KIRPAL GORDON: You were exposed to European classical music as well?



WARREN SMITH: From my family and my studies in school. I managed to get into the District 89 School Band, the only black musician in the band at that time. As a result of this experience, I was immediately accepted into the Proviso Township High School Concert Band. It proved a quantum leap in my exposure as the director, J. Irving Talmadge, was a big fan of Richard Wagner. So I leaned about everything from the “Ring of the Nebilungen” to “Taunhauser Overture.”

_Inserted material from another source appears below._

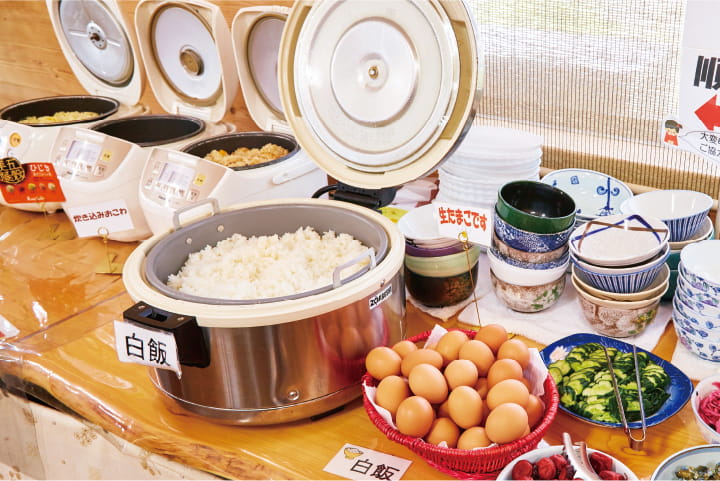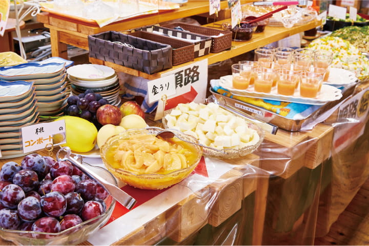 産地直売所の地元野菜をふんだんに使用した様々な料理や、

I spent four years in the high school marching band (which I abhorred except for the football games). Then at the University of Illinois I spent another four (out of five) years marching with the ”Marching Illini.” The pattern was interrupted in my fourth year when composer Harry Partch did a year’s residency. I quit the band to play tympani in the university’s symphony orchestra. All my extra non-class time was spent in Harry Partch’s ensemble. The previous summer I had received a scholarship to Tanglewood, the summer camp of the Boston Symphony Orchestra. I studied with retiring Roman Shultz and the incoming tympanist, Everitt “Vic” Firth, as well as Harold Faberman, on snare drum techniques.

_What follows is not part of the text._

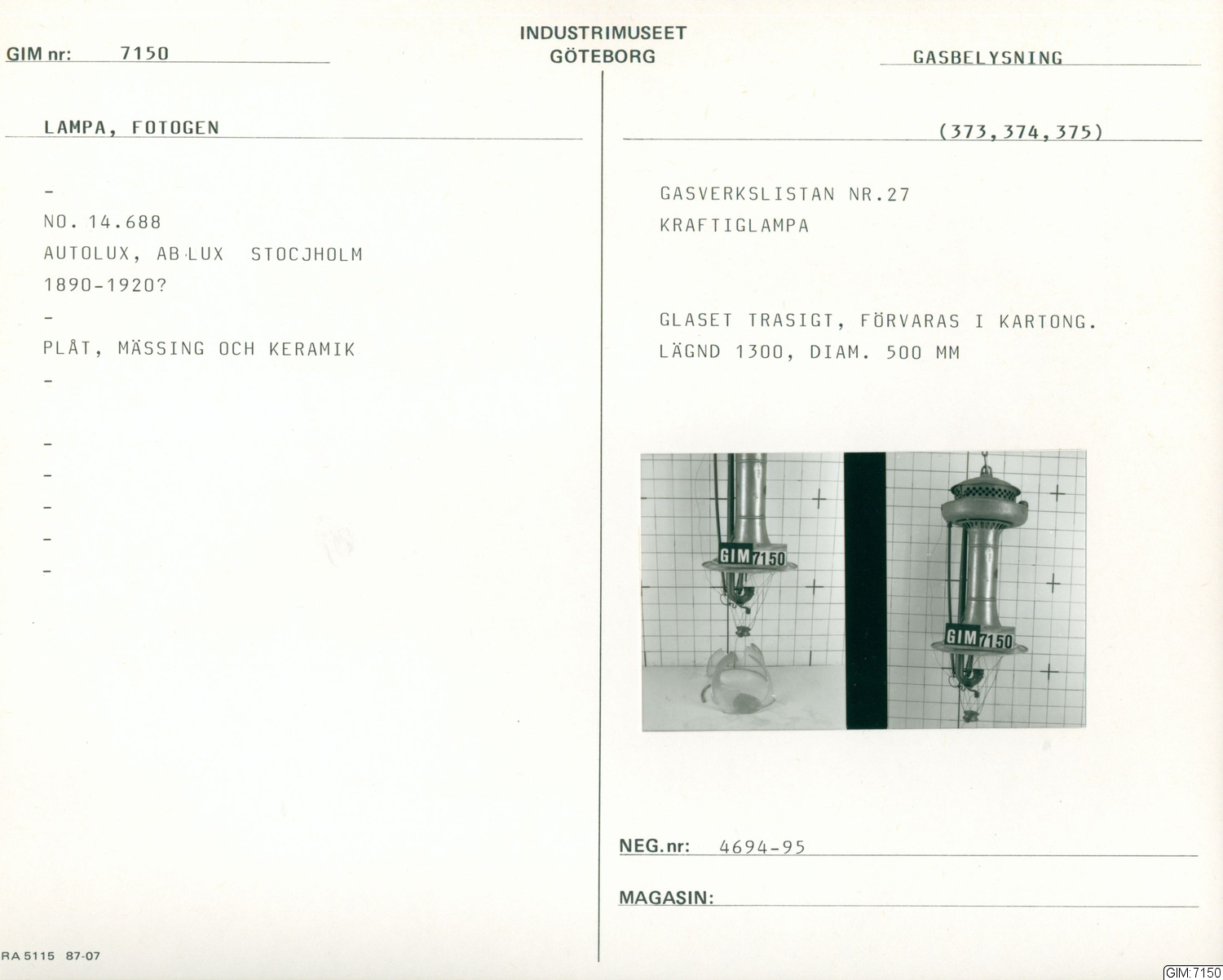 GIM:7150 :: fotogenlampa, lampor, lampa

It was on my summer in Tanglewood that I realized how strong my cultural attachment was to my upbringing in Chicago’s South Side. I borrowed the car of my friend and fellow Illini, Harold Jones, to go into Pittsfield and get a haircut. As I drove, I turned on the radio of the car, and the first thing that came out was the blues! I, in my early arrogance, had lost respect for the form because I had not yet been exposed to its more intricate forms and variations. But the power and familiarity of what I heard changed my opinion of the form forever. I got so homesick I never forgot it. And the next time I got back to Chicago I started hanging out at all the old blues clubs and learning a lot more.

It’s been that way for me ever since.